- _EXERCISE REQUIREMENTS_
Restate every record word for word, without the pictures.

* * * * *

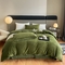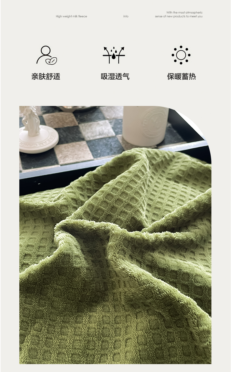 商品名称:雅居纺家纺 2024新款简约风雕花绒四件套 华夫格绒-墨绿
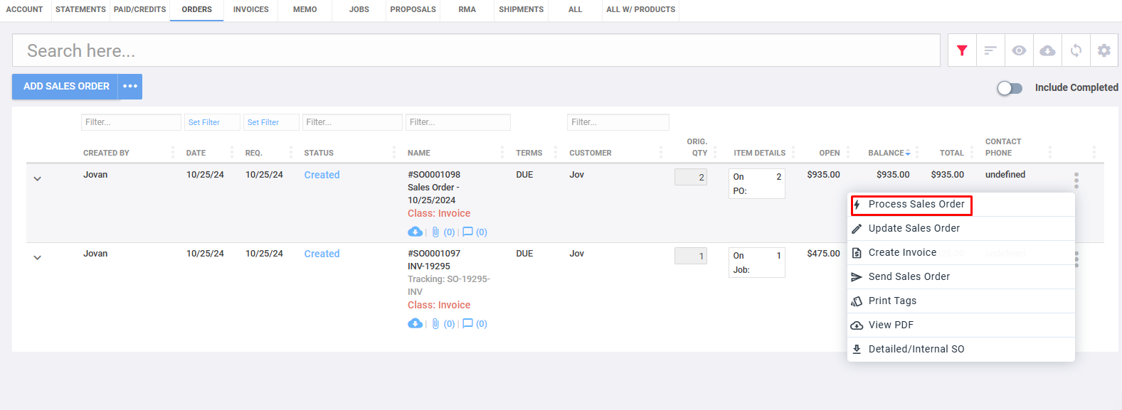 To process the Sales Order, click the three-dot button located in the last column of your grid.
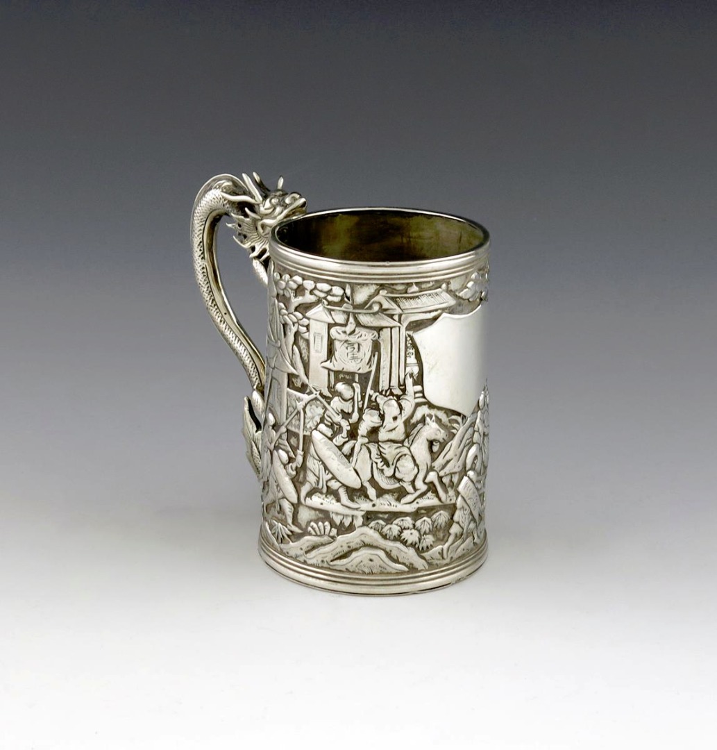 tapering circular form, with figural scenes within landscape settings, dragon scroll handle, the front with a vacant shield cartouche, height 10cm, approx. weight 5.5oz.
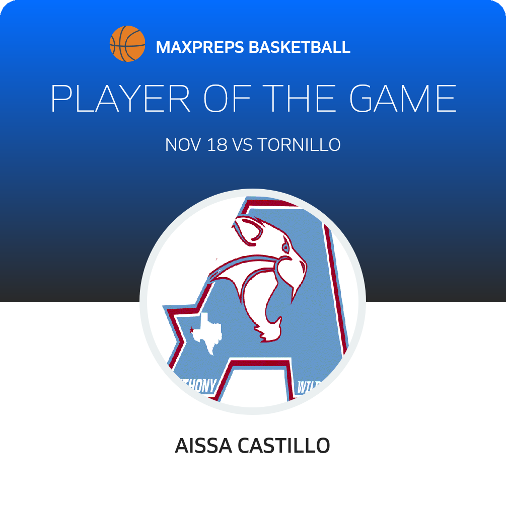 Congratulations to #2 Aissa Castillo for being selected the Anthony Girls Basketball Player of the Game.
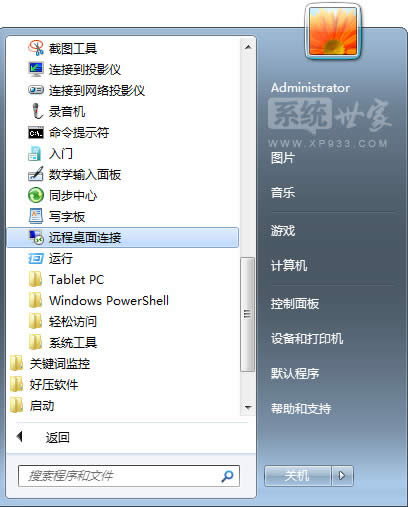 改完的遠程桌面連接端口號碼后,以后就可以通過遠程桌面連接的時候使用9999作為連接端口了,別有用戶的人就無法使用默認的3389連接到你的電腦,那么你的電腦的安全性就會得到大大增強! 用遠程桌面進行傳輸文件: 第一步 首先在win7系統桌面中依次單擊windows7系統下載桌面的“開始”/“程序”/“遠程桌面連接”命令,打開遠程桌面連接程序界面;

* * * * *

- _OUTPUT OF THE EXERCISE_
 商品名称:雅居纺家纺 2024新款简约风雕花绒四件套 华夫格绒-墨绿
 To process the Sales Order, click the three-dot button located in the last column of your grid.
 tapering circular form, with figural scenes within landscape settings, dragon scroll handle, the front with a vacant shield cartouche, height 10cm, approx. weight 5.5oz.
 Congratulations to #2 Aissa Castillo for being selected the Anthony Girls Basketball Player of the Game.
 改完的遠程桌面連接端口號碼后,以后就可以通過遠程桌面連接的時候使用9999作為連接端口了,別有用戶的人就無法使用默認的3389連接到你的電腦,那么你的電腦的安全性就會得到大大增強! 用遠程桌面進行傳輸文件: 第一步 首先在win7系統桌面中依次單擊windows7系統下載桌面的“開始”/“程序”/“遠程桌面連接”命令,打開遠程桌面連接程序界面;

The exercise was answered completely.